From: Catalin Marinas <catalin.marinas@arm.com>
To: Evgenii Stepanov <eugenis@google.com>
Cc: Andrey Ryabinin <ryabinin.a.a@gmail.com>,
Alexander Potapenko <glider@google.com>,
Andrey Konovalov <andreyknvl@gmail.com>,
Dmitry Vyukov <dvyukov@google.com>, Will Deacon <will@kernel.org>,
Steven Price <steven.price@arm.com>,
Peter Collingbourne <pcc@google.com>,
kasan-dev@googlegroups.com, linux-arm-kernel@lists.infradead.org,
linux-kernel@vger.kernel.org
Subject: Re: [PATCH v4] kasan: speed up mte_set_mem_tag_range
Date: Thu, 20 May 2021 10:21:06 +0100 [thread overview]
Message-ID: <20210520092105.GA12251@arm.com> (raw)

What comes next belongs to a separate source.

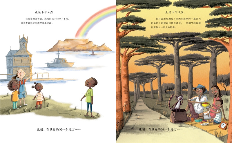 本书描述了在同一个时刻,生活在世界上24个时区里的人们正在同时经历着不同的事情。故事是从圣弗朗西斯科的早晨6点开始的,带领读者来到24个极具代表性的国家和地区,每个地方所处的时区不同,环游世界之后,又回到了故事开头的地方,这里还是早晨6点钟。这是一本跨越24时区的多元文化游记,小读者随着画面的转移,在书中“游览”世界各地,进行一场“全球旅行”,了解到每时每刻,在我们这颗星球上都在发生着丰富多彩而奇妙的事情,孩子们通过本书不仅了解了世界地理、理解了时区的概念,还可以学习到世界各地特色的人文知识,在本书的后,还有对地球的整体介绍,以及自制观察时间小工具的方法。

In-Reply-To: <20210520020305.2826694-1-eugenis@google.com>
On Wed, May 19, 2021 at 07:03:05PM -0700, Evgenii Stepanov wrote:
> Use DC GVA / DC GZVA to speed up KASan memory tagging in HW tags mode.
>
> The first cacheline is always tagged using STG/STZG even if the address is
> cacheline-aligned, as benchmarks show it is faster than a conditional
> branch.
>
> Signed-off-by: Evgenii Stepanov <eugenis@google.com>
> Co-developed-by: Peter Collingbourne <pcc@google.com>
> Signed-off-by: Peter Collingbourne <pcc@google.com>
Some nitpicks below but it looks fine otherwise.
> diff --git a/arch/arm64/include/asm/mte-kasan.h b/arch/arm64/include/asm/mte-kasan.h
> index ddd4d17cf9a0..34e23886f346 100644
> --- a/arch/arm64/include/asm/mte-kasan.h
> +++ b/arch/arm64/include/asm/mte-kasan.h
> @@ -48,43 +48,85 @@ static inline u8 mte_get_random_tag(void)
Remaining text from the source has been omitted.